*Requirement*:
Retype each entry exactly as written, and keep the pictures out of the copy.
# # # #
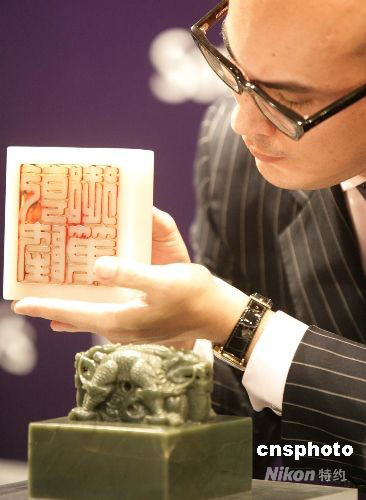 香港蘇富比拍賣行將于2008年10月8日舉行“中國(guó)瓷器及工藝品秋季拍賣會(huì)”,8月26日舉行媒體預(yù)展,圖為展示的乾隆帝御寶交龍鈕《乾隆御筆》白玉璽,預(yù)料成交價(jià)超過(guò)五千萬(wàn)港元。中新社發(fā) 張勤 攝
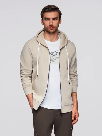Bluza męska dresowa BASIC rozpinana z kapturem - jasnobeżowa V1 OM-SSBZ-0178
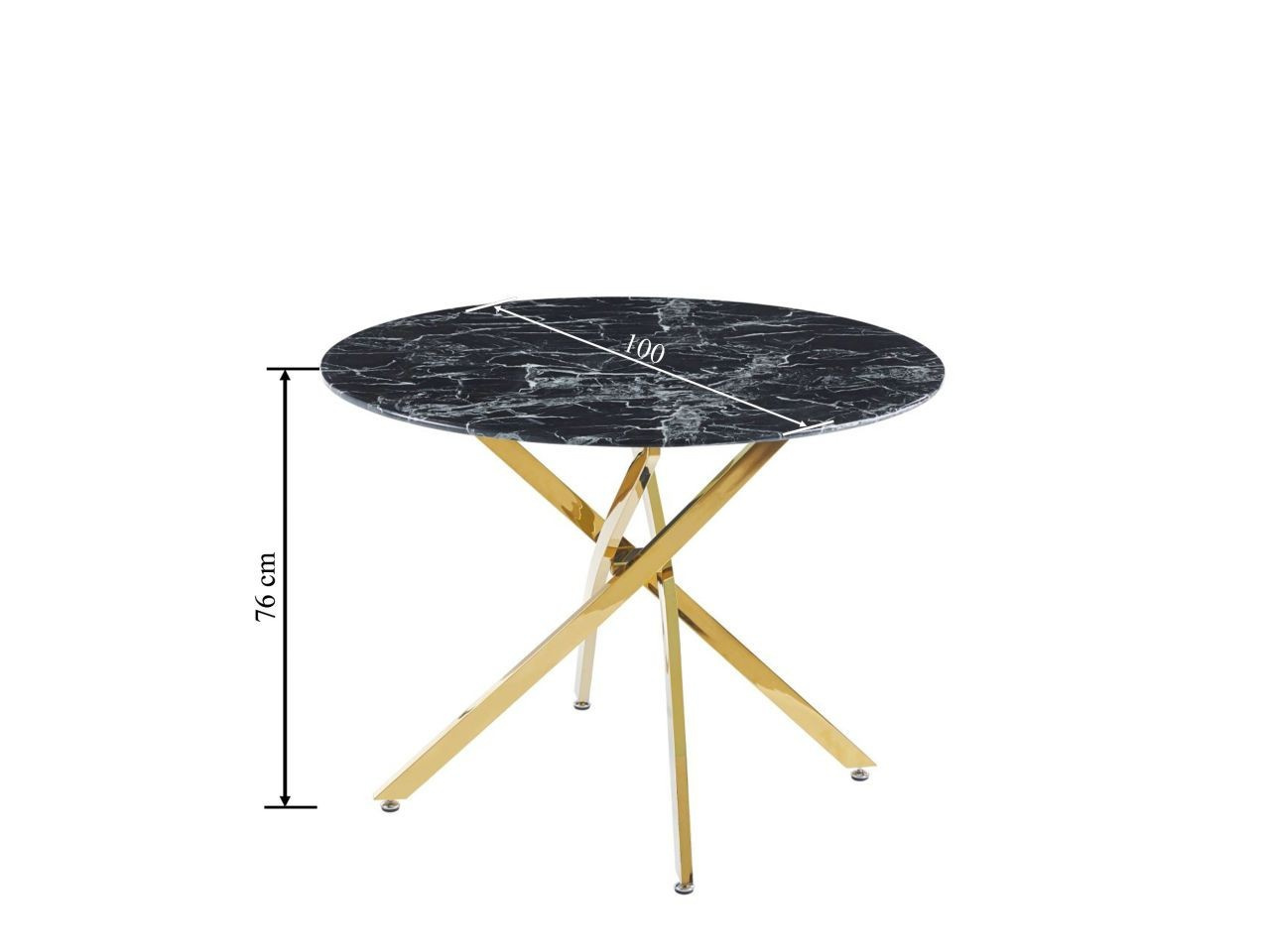 Rozměry: - délka: 100 cm - šířka: 100 cm - výška: 75 cm Materiál: - deska: sklo - nohy: chromovaná ocel Barva: - deska: černý mramor - nohy: zlaté
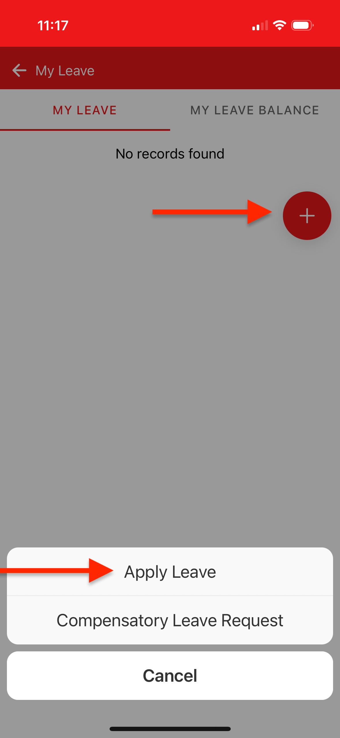 After that, go to My Leave, click the ‘+’ button, and select Apply Leave.
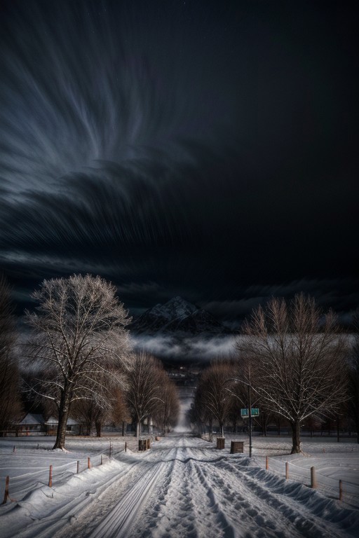 (masterpiece, best quality, highres:1.2), otherwordly snowy landscape, eerie atmosphere, night sky, foggy, harsh weather, snowstorm, blizzard,
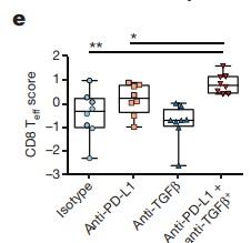 Anti-PD-L1 anti-TGFβ 투여군에서 Infiltrating T cells 유의하게 증가했으며 (CD8 Teff score), RNA-sequencing data에서는 CD8+Teff signature 증가를 보여줬다. (Figure 7)
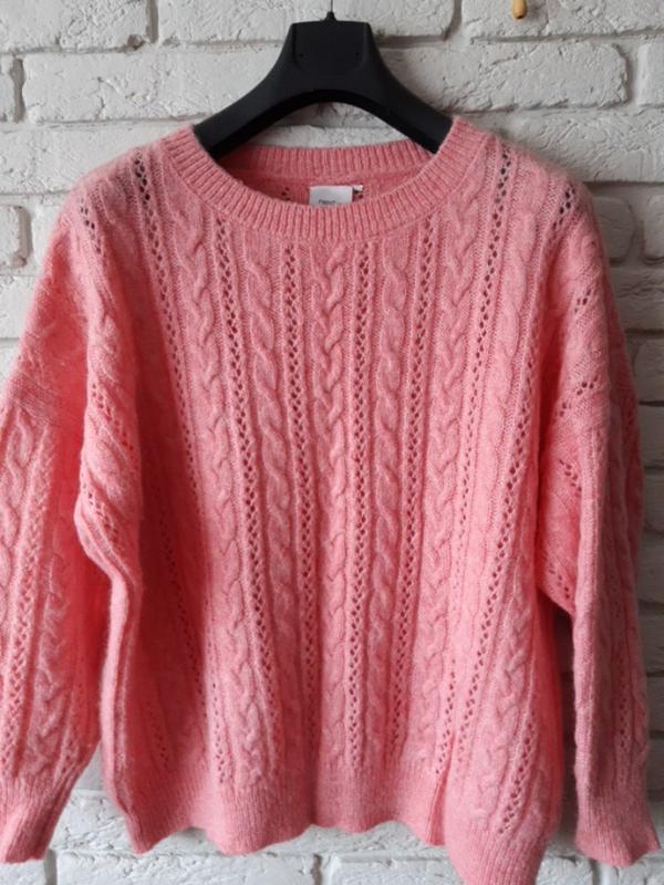 Ажурный свитер оверсайз Next батал нежного розового цвета с добавлением шерсти. Успенная линия плеча. Красивый, теплый и невесомый! Длина 63 см
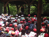 12時半、林の中の涼しいところで飯ごう炊さん、カレーとご飯作りが始まりました。みんなは既に腹ペコです。どんなカレーライスができますか〜。(校長先生のつぶやきより)
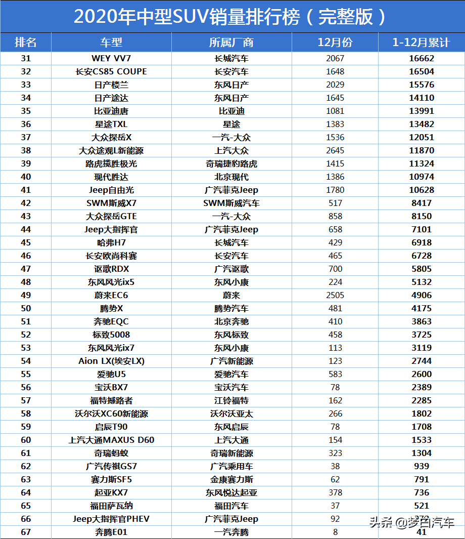 最后是排名31-67位的中型SUV,WEY VV7仅排名31位,2020年总销量为16662辆,日产楼兰仅排名33位,日产途达排名第34位,现代胜达排名第40位,Jeep自由光排名第41位,哈弗H7排名第45位,它们都是品质很不错的中型SUV,但在销量方面的表现都很一般。对于2020年中型SUV销量排名(完整版),途观L夺得冠军,瑞虎8再进前十,大家怎么看?
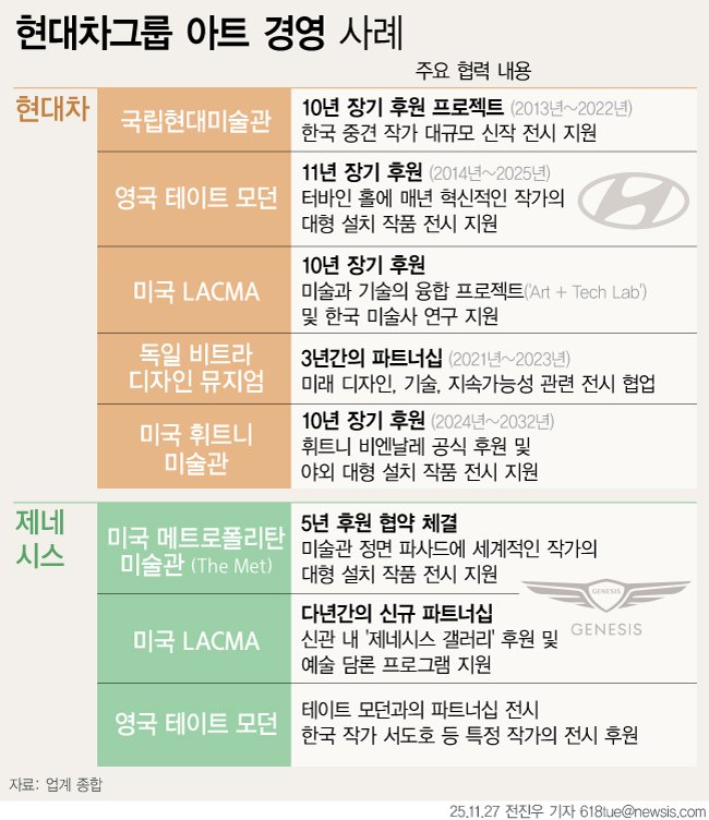 업계 관계자는 "현대차그룹의 아트 경영은 글로벌 미술 생태계와 기업 전략을 연결하는 독특한 구조로 확실히 자리잡았다"며 "현대차가 미래 모빌리티 기업을 넘어, 창의성 기반의 글로벌 브랜드로 이동하게 하는 중요한 축이다"고 말했다.
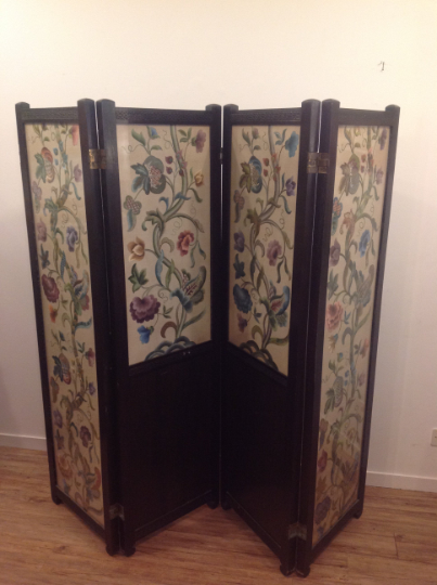 Highly Detailed Arts & Crafts Style 4 Fold Embroidery Screen, Signed H M Newton 1939 by Repute Ex Jesus College Oxford
# # # #
*Response area*:
 香港蘇富比拍賣行將于2008年10月8日舉行“中國(guó)瓷器及工藝品秋季拍賣會(huì)”,8月26日舉行媒體預(yù)展,圖為展示的乾隆帝御寶交龍鈕《乾隆御筆》白玉璽,預(yù)料成交價(jià)超過(guò)五千萬(wàn)港元。中新社發(fā) 張勤 攝
Bluza męska dresowa BASIC rozpinana z kapturem - jasnobeżowa V1 OM-SSBZ-0178
 Rozměry: - délka: 100 cm - šířka: 100 cm - výška: 75 cm Materiál: - deska: sklo - nohy: chromovaná ocel Barva: - deska: černý mramor - nohy: zlaté
 After that, go to My Leave, click the ‘+’ button, and select Apply Leave.
 (masterpiece, best quality, highres:1.2), otherwordly snowy landscape, eerie atmosphere, night sky, foggy, harsh weather, snowstorm, blizzard,
 Anti-PD-L1 anti-TGFβ 투여군에서 Infiltrating T cells 유의하게 증가했으며 (CD8 Teff score), RNA-sequencing data에서는 CD8+Teff signature 증가를 보여줬다. (Figure 7)
 Ажурный свитер оверсайз Next батал нежного розового цвета с добавлением шерсти. Успенная линия плеча. Красивый, теплый и невесомый! Длина 63 см
 12時半、林の中の涼しいところで飯ごう炊さん、カレーとご飯作りが始まりました。みんなは既に腹ペコです。どんなカレーライスができますか〜。(校長先生のつぶやきより)
 最后是排名31-67位的中型SUV,WEY VV7仅排名31位,2020年总销量为16662辆,日产楼兰仅排名33位,日产途达排名第34位,现代胜达排名第40位,Jeep自由光排名第41位,哈弗H7排名第45位,它们都是品质很不错的中型SUV,但在销量方面的表现都很一般。对于2020年中型SUV销量排名(完整版),途观L夺得冠军,瑞虎8再进前十,大家怎么看?
 업계 관계자는 "현대차그룹의 아트 경영은 글로벌 미술 생태계와 기업 전략을 연결하는 독특한 구조로 확실히 자리잡았다"며 "현대차가 미래 모빌리티 기업을 넘어, 창의성 기반의 글로벌 브랜드로 이동하게 하는 중요한 축이다"고 말했다.
 Highly Detailed Arts & Crafts Style 4 Fold Embroidery Screen, Signed H M Newton 1939 by Repute Ex Jesus College Oxford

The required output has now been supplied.